Acute effects of different light spectra on simulated night-shift work without circadian alignment.

Author information

1
a Research Department , Bartenbach GmbH , Aldrans , Austria.
2
b Department of Psychology , University of Innsbruck , Innsbruck , Austria.
3
c Department of Psychology , University of Graz , Graz , Austria.

Abstract

Short-wavelength and short-wavelength-enhanced light have a strong impact on night-time working performance, subjective feelings of alertness and circadian physiology. In the present study, we investigated acute effects of white light sources with varied reduced portions of short wavelengths on cognitive and visual performance, mood and cardiac output.Thirty-one healthy subjects were investigated in a balanced cross-over design under three light spectra in a simulated night-shift paradigm without circadian adaptation.Exposure to the light spectrum with the largest attenuation of short wavelengths reduced heart rate and increased vagal cardiac parameters during the night compared to the other two light spectra without deleterious effects on sustained attention, working memory and subjective alertness.
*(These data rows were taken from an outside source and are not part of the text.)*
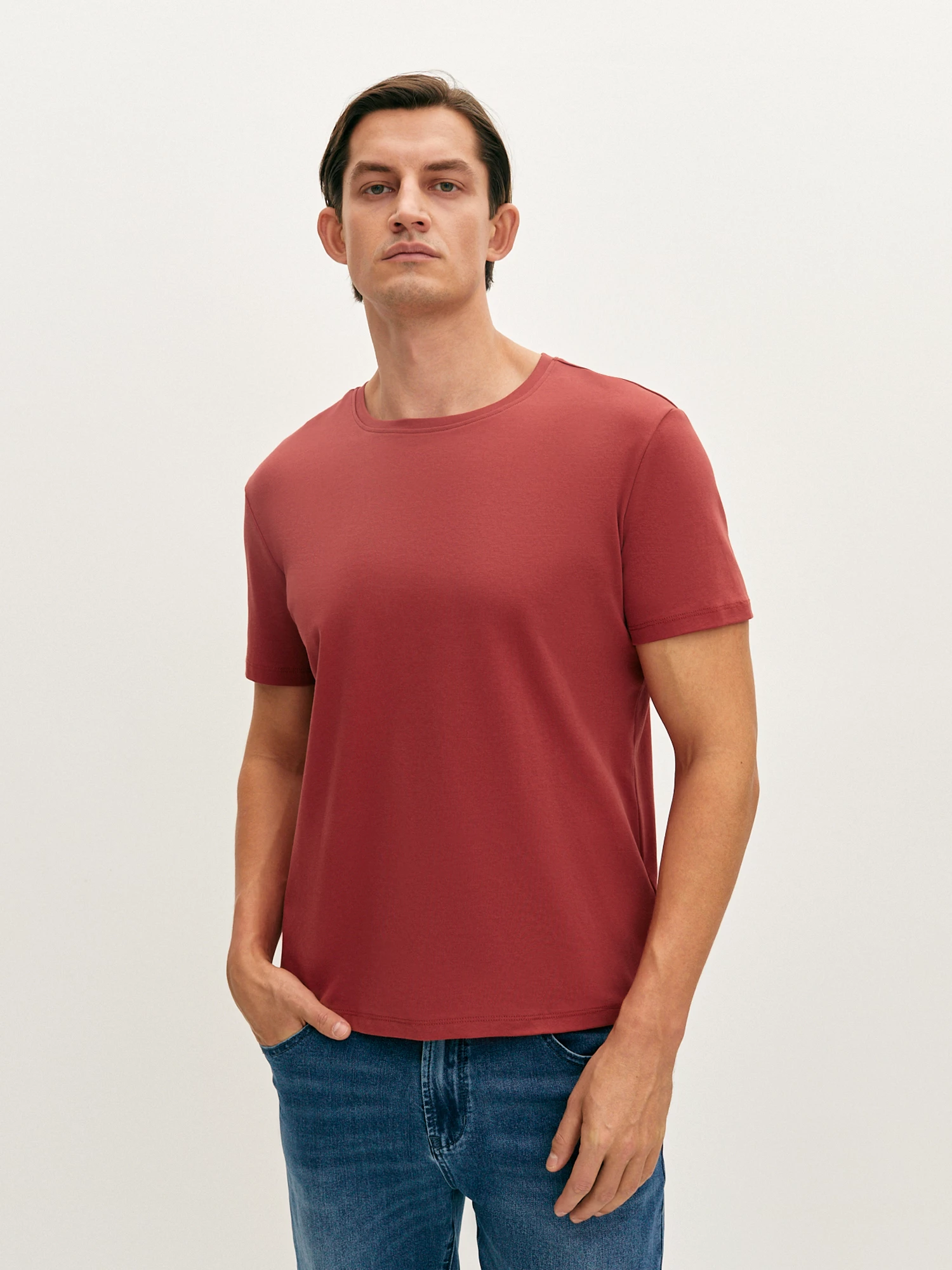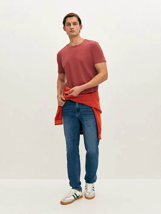 Лёгкая футболка практичного терракотового оттенка из мерсеризованного хлопка, который обеспечивает отличную воздухопроницаемость и комфорт в течение всего дня. Благодаря эластичным волокнам в составе, футболка идеально садится на любую фигуру, не сковывает движения. Модель прямого силуэта с коротким втачным рукавом и круглой горловиной. Футболка насыщенного терракотового цвета станет легким и верным способом расширить палитру повседневного гардероба.
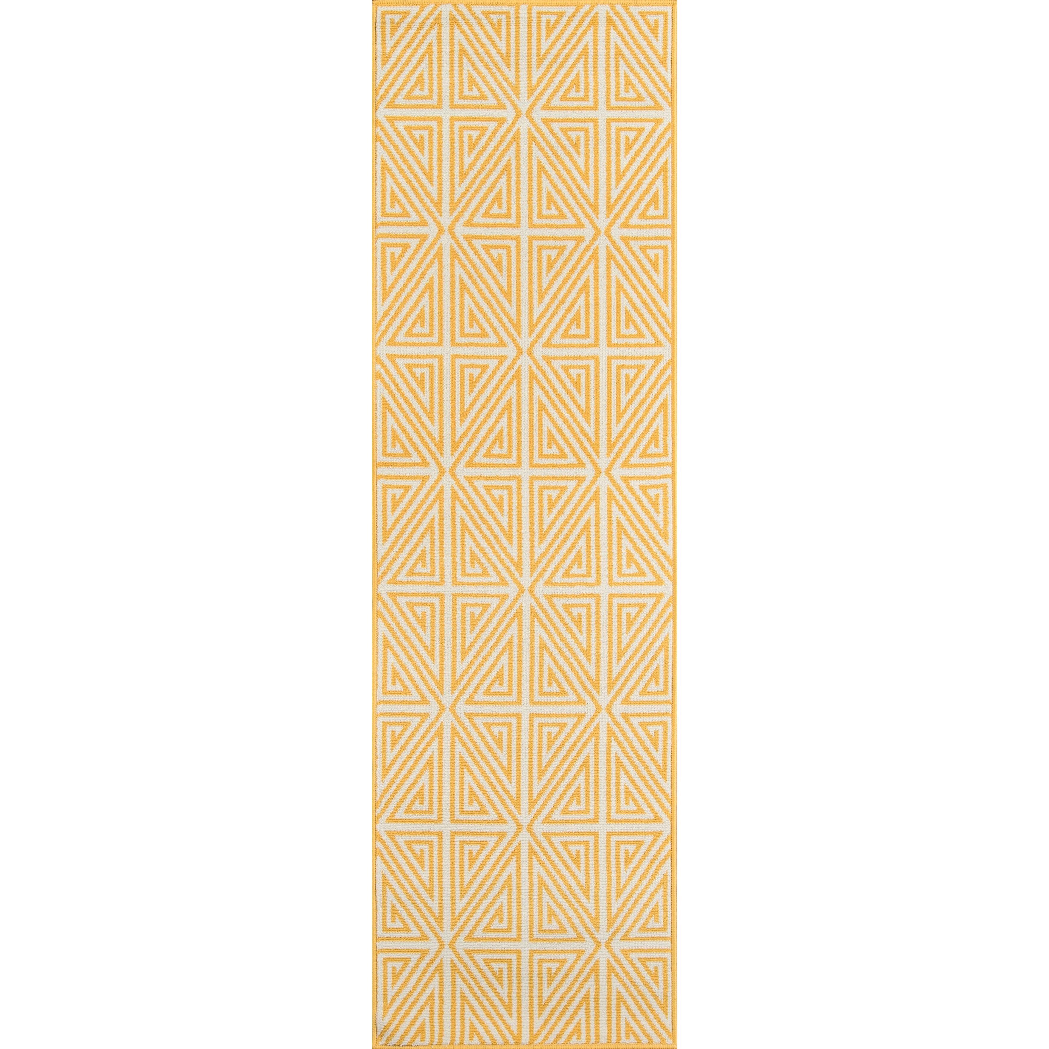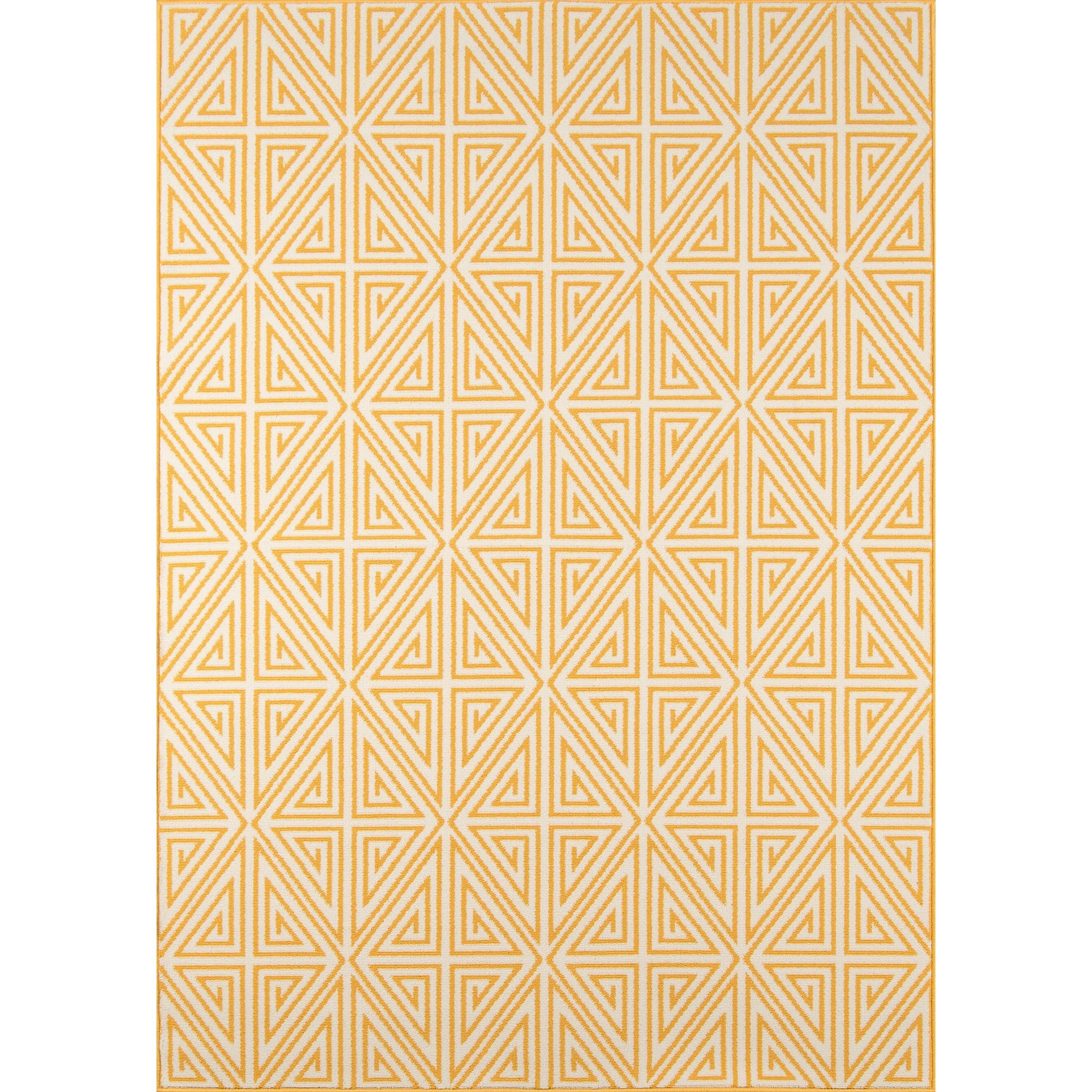 Baja Baj 4 Yellow area rug, a versatile and stylish addition to your indoor or outdoor living space. This all-weather rug features a blend of stripes, diamonds, trellis, and nautical motifs like ropes and anchors, creating a sophisticated look that complements any decor. Perfect for patios, porches, or pool decks, this rug is designed to withstand the elements with its durable power-loomed construction.
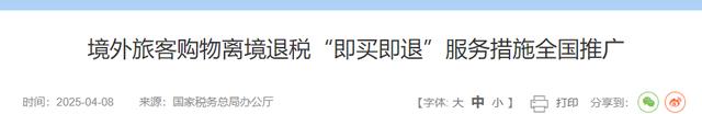 国家税务总局——境外旅客购物离境退税“即买即退”服务措施全国推广
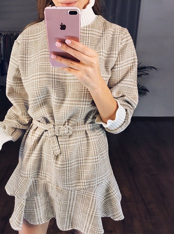 Naisten syyspoolomekko röyhelöisellä helmaosalla.
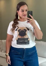 A estampa do pug “bad boy” dá um toque descontraído ao visual, sem perder o estilo! Perfeita para o dia a dia, passeios e até aquele look comfy fashion que a gente ama! 😍
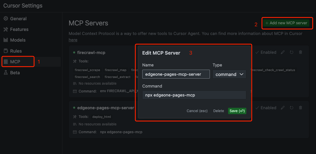 接下来以上面演示的 Cursor 为例,向大家介绍如何将 Pages MCP Server 集成到编辑器里面。
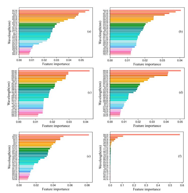 图4 由不同算法选择的特征波段。GB(a);AdaBoost(b);RF(c);CatBoost(d);LightGBM(e)和XGBoost(f)。
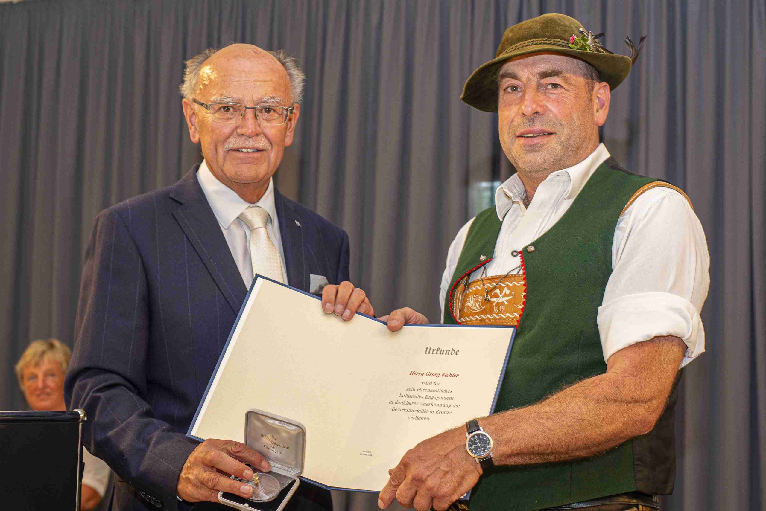 Bezirkstagspräsident Josef Mederer (links) überreichte die Bezirksmedaille an Georg Bichler.
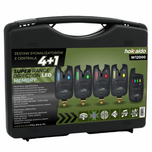 ZESTAW SYGNALIZATORÓW WĘDKARSKICH Z CENTRALKĄ 4+1 HOKKAIDO W PUDEŁKU
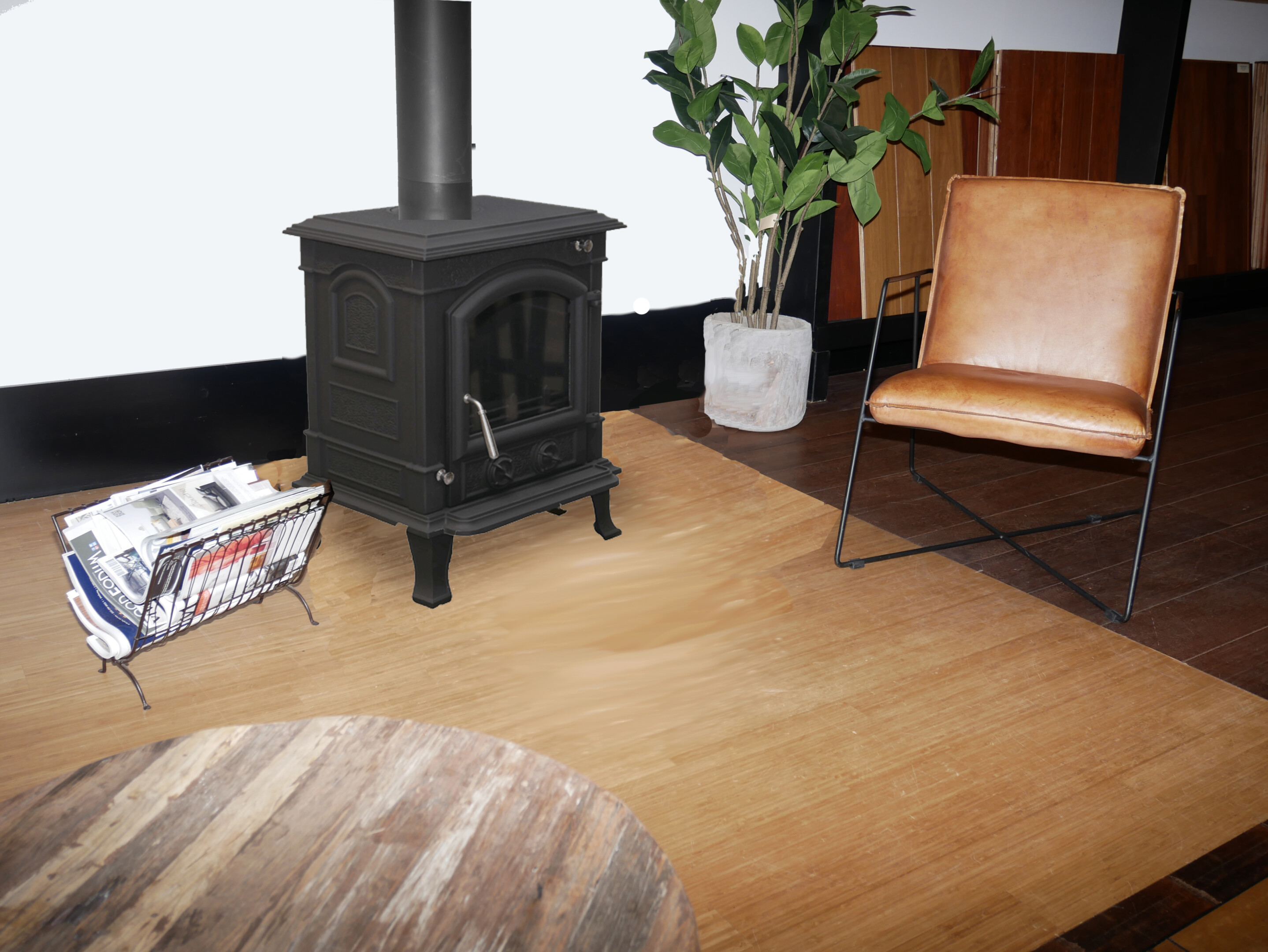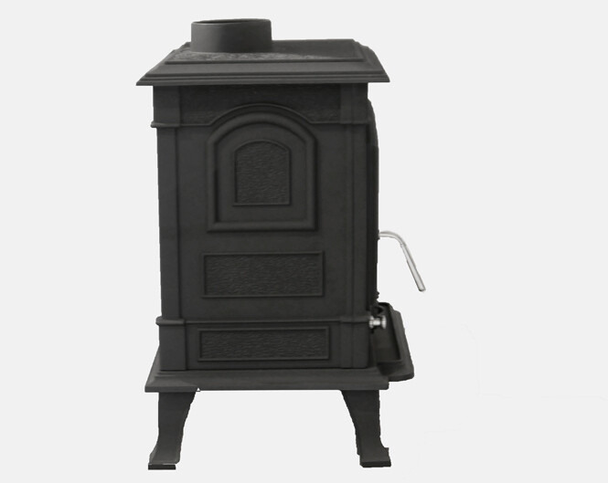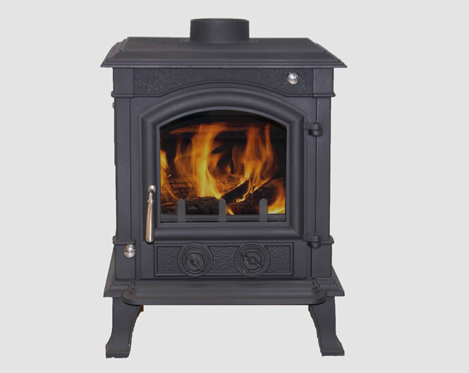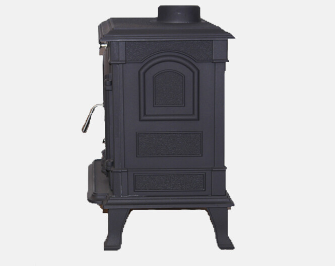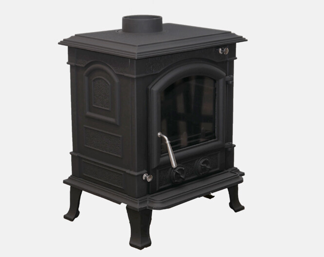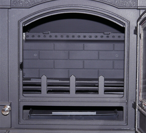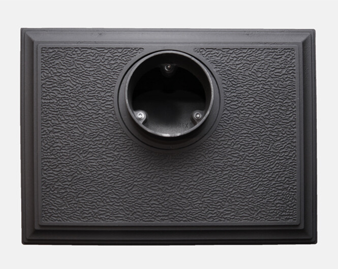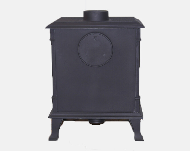 Deze houtkachel heeft zowel een boven- en achter aansluiting.

In addition, colour discrimination capability was significantly decreased under this light source.To our knowledge, the present study for the first time demonstrates that polychromatic white light with reduced short wavelengths, fulfilling current lighting standards for indoor illumination, may have a positive impact on cardiac physiology of night-shift workers without detrimental consequences for cognitive performance and alertness.

KEYWORDS:

Short wavelength; alertness; heart rate; heart rate variability; light spectrum; mood; shift work; simulated night-shift; sustained attention; visual performance; working memory

PMID:
27579732
DOI:
10.1080/07420528.2016.1222414
[Indexed for MEDLINE]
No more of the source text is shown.